Life and Fate Read Along, Part 3 Chapter 54
This post, covering Part 3, Chapter 54 is part of The Slavic Literature Pod’s chapter a day read along of Vasily Grossman’s Life and Fate. Learn more about our project here.
There was a man — a Soviet citizen, celebrated for his achievements — who was summoned into a Party meeting under false pretenses. He believed he was there to talk about something related to his work. Upon arrival, though, he learned that a letter had been drafted for him; he only needed to sign it. It was nothing major, simply a denunciation of men arrested as part of an assassination. And, to his lasting shame, he puts his name on it.
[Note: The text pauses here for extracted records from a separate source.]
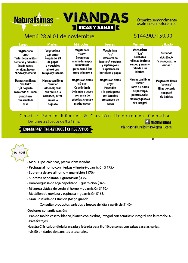 RECORDAR MUY IMPORTANTE: Los pedidos del día lunes los recepcionamos hasta el sábado a la mañana, sino queda sujetos  a disponibilidad de menú y precio de lista. Gracias
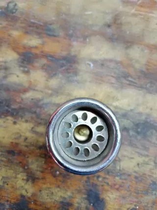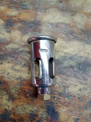 Pieza metálica con acabado brillante y detalles en latón. - Cuerpo cilíndrico con aberturas. - Parte superior redondeada. - Conexión roscada en la base.
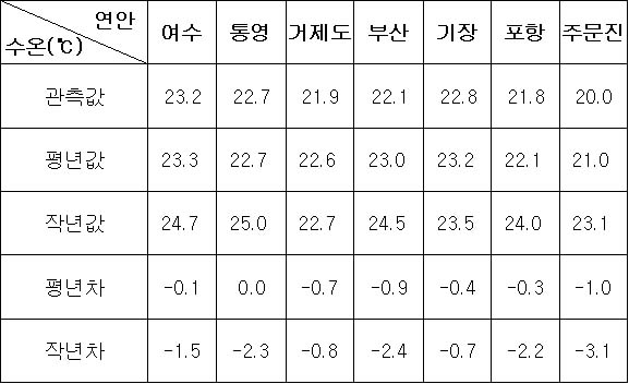 o 작년에 비해 오늘 수온은 여수~부산 1~2.5도 낮게, 기장~포항
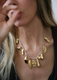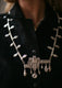 Maxi necklace inspired by "Mitla" special shapes that combine with an Olmeca Head and the Mayan sacred corn. Brass gold plated 1 gold micra and ceramic lacquered.
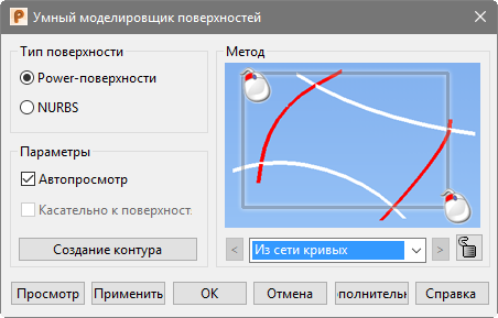 Диалог Умный моделировщик поверхностей используется для создания поверхности из выбранных каркасных объектов, автоматически выбирая лучшее решение из семи доступных методов создания поверхности.
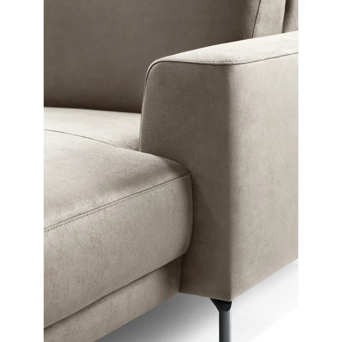 De grijze hoekbank Moscato is bekleed met microleder, een duurzaam en onderhoudsvriendelijk materiaal dat bestaat uit een combinatie van een onderlaag van leervezels en een bovenlaag van microvezelstof met een geschuurd effect. Dit maakt de stof niet alleen zacht en comfortabel, maar ook bestand tegen slijtage en gemakkelijk te reinigen. Het biedt de uitstraling van echt leer, maar met de voordelen van een lichtere, betaalbare en milieuvriendelijkere optie.
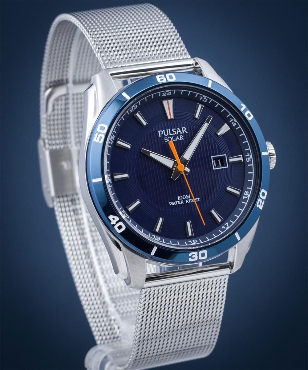 Klasyczny zegarek Pulsar PX3173X1 z ładowaniem energią słoneczną przeznaczony dla mężczyzn. Jest to doskonała propozycja dla osób, które poszukują zegarka do bardziej formalnego stroju. Koperta o średnicy 40 mm została wykonana z wysokiej jakości stali nierdzewnej. Połączono ją z modną, stalową bransoletą typu mesh. Tak dobrane elementy tworzą spójną całość. Tarcza w kolorze niebieskim oznaczona stalowymi indeksami jest bardzo czytelna i przejrzysta. Posiada dokładny mechanizm kwarcowy wyposażony w datownik wskazujący dzień miesiąca. Jest to wersja Solar, która pozyskuje energię do napędzania mechanizmu ze światła słonecznego. Wodoszczelność tego modelu to 50M co pozwala na swobodny kontakt z wodą, np. pływanie.
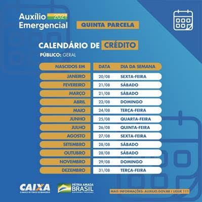 As parcelas extras do Auxílio Emergencial 2021 começarão a ser pagas no dia 20 de agosto para os brasileiros nascidos em janeiro e os demais beneficiários receberão conforme calendário(veja nas imagens acima).
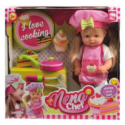 Кукла Нэна-поваренок, 36 см. от итальянского бренда Dimian (Димиан) Без эффектов. В наборе: - кукла, полностью изготовлена из ПВХ, поэтому ее можно купать. - кукла в фартуке и поварском колпаке - бутылочка - сковородка с крышкой - 2 лопатки Описание У куклы подвижные глаза, и конечности; Роскошные прочные волосы. Функции Кукла пьет и писает. Наполните бутылочку водой, и попоите куклу через отверстие во рту, кукла сразу же начнет писать. Дополнительно: Для работы батарейки не требуются. Инструкция не требуется.
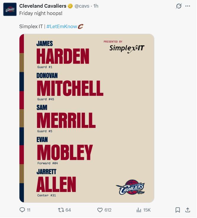騎士:米切爾10中1拿6分6助攻,哈登17分14助攻5籃板,莫布利23分10籃板,阿倫18分10籃板,梅里爾10分4助攻,斯特魯斯29分8籃板8三分,埃利斯10分,託布11分。
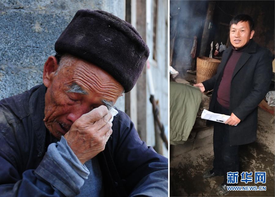 拼版照片:左圖為2019101日,貴州省銅仁市沿河土家族自治縣中寨鎮(zhèn)大坪村村民張信龍談起文偉紅時(shí)傷心落淚(新華社記者胡星攝);右圖為20181227日,文偉紅在沿河土家族自治縣中寨鎮(zhèn)大坪村村民家中走訪。新華社發(fā)

We are talking, of course, about Vasily Grossman. In 1953, he signed a letter calling for harsh punishment of the men arrested as part of the so-called Doctor’s Plot (an NKVD-crafted ploy to implicate innocent Jewish doctors in a fake assassination attempt on Stalin). The letter was never published. He would, however, relitigate the experience with Viktor Shtrum in Life and Fate.
This chapter focuses on how coercion could work in the Soviet Union: Viktor has already experienced the stick, and now he finds himself tempted by the carrot. He signs the letter not under duress (per se, anyhow), but rather under the fear of disappointing his new friends, of losing his charmed life.
It is easy to imagine the coercion of the Soviet Union under the 1984 model of fear and ignorance. So much of Life and Fate, though, is dedicated to exploring the nuances of this coercion. If you really pay attention to these themes in earnest, you realize this: these methods are by no means unique to the USSR. This is one of the reasons the novel remains so compelling — seeing these many forms of coercion in action may inspire us to ask how we are similarly coerced in our own lives.